A guy walks by. "Good morning, Madam Mayor, merry Christmas," he says joyfully and I force a smile on my face. He is wearing a Santa hat and he looks absolutely ridiculous. Nodding I continue my way through the grocery store, ignoring him and the puzzled look he shoots at me.

I don't do wishing people merry Christmas. I don't do baking Christmas cookies. I don't do buying Christmas trees, I don't do Christmas. It's ridiculous really that anyone does. There is no Christmas in Fairytale Land, there is no Jesus and there certainly is no Santa Claus. I'm not even sure we have any kind of religious holidays. The holiday of love, yikes! It's probably Snow's favorite holiday. I can imagine her sitting under the decorated Christmas tree, sipping hot cocoa with cinnamon (ugh), holding hands with Charming (yuck) and whispering "You found me" over and over again (vomit). Or maybe she prefers Easter, she and Charming can take turns hiding and exchange "You found me's" all day long.

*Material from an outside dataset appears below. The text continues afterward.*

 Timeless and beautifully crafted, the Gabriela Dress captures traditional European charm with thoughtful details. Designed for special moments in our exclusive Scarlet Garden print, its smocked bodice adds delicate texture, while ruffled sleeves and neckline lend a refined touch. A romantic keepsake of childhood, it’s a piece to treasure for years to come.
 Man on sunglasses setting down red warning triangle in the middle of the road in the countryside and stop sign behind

Humbug, this whole holiday charade is nothing but humbug. And the worst about it is that you just cannot escape it, Christmas is everywhere. Decorations are in the streets, in the houses, on the houses. Lights, candles, mistletoes, tiny Santas, giant Santas, people dressed as Santa, trees in all sizes and colors. It seems like everyone is desperately trying to get rid of all their money and spend it on ugly plastic decorations.

I realize Santa is not far from Satan and I chuckle because that's exactly how I feel about the fat old man in his red suit. Honestly though, does nobody think it is rather creepy that some old man makes your children sit on his lap and asks them what they are whishing for only to come through your chimney late at night to give them just that? In my reality that's either a burglar or a pedophile. And I welcome neither.

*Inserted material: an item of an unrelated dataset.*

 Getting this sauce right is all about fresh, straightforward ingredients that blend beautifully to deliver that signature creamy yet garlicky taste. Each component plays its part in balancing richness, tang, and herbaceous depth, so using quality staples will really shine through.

Just as my mood hits rock bottom I run into someone who quickly mumbles an apology. As I'm about to complain about the apology and scold the person for being so careless I look up at the person and freeze. Eyes that contain every color imaginable stare back at me, slightly in shock. Emma Swan, Merry Christmas to me.

"Sherriff Swan," I say coldly.

"Madam Mayor," she replies, obviously just as happy to see me as I am to see her. I look down and expect to see that horrific red leather jacket, but she's chosen to wear a thick grey winter jacket today. It is quite cold outside and in my mind I congratulate her on her wise choice. She is also wearing a knitted hat, also grey, bringing out the grey in her eyes. It's funny how her eyes change color depending on what she's wearing or how the light hits her eyes and sometimes even her mood. And I remember every single one of them. I especially like the furious-crazy-eyes.

Right now she's staring at me with her eyes slightly widened and an angry pout. God, she looks adorable. I don't have feelings for Emma Swan. I just don't. It's just that ever since I casted the curse and woke up in this strange little town called Storybrook (really, Rumple, Storybrook?!), I've waited for someone to step up to me, to make me feel like the Evil Queen I was, to bring back the anger and power I feel whenever I crush somebody's dreams. And I've waited and waited, but no one did, not even Snow and it was driving me crazy! I wanted to see them suffer, to make them suffer, but they didn't. Well, they were apart from one another, didn't even know who they were and it was fun to watch, at first, but they also didn't miss each other. They lived their sad little lives in peace and they just didn't deserve peace. They were avoiding me and backing down whenever I threw an insult their way, agreeing with me and apologizing for whatever they had done and I just wanted to see their eyes filled with pain, fear and fury. Nobody was daring enough to fight back.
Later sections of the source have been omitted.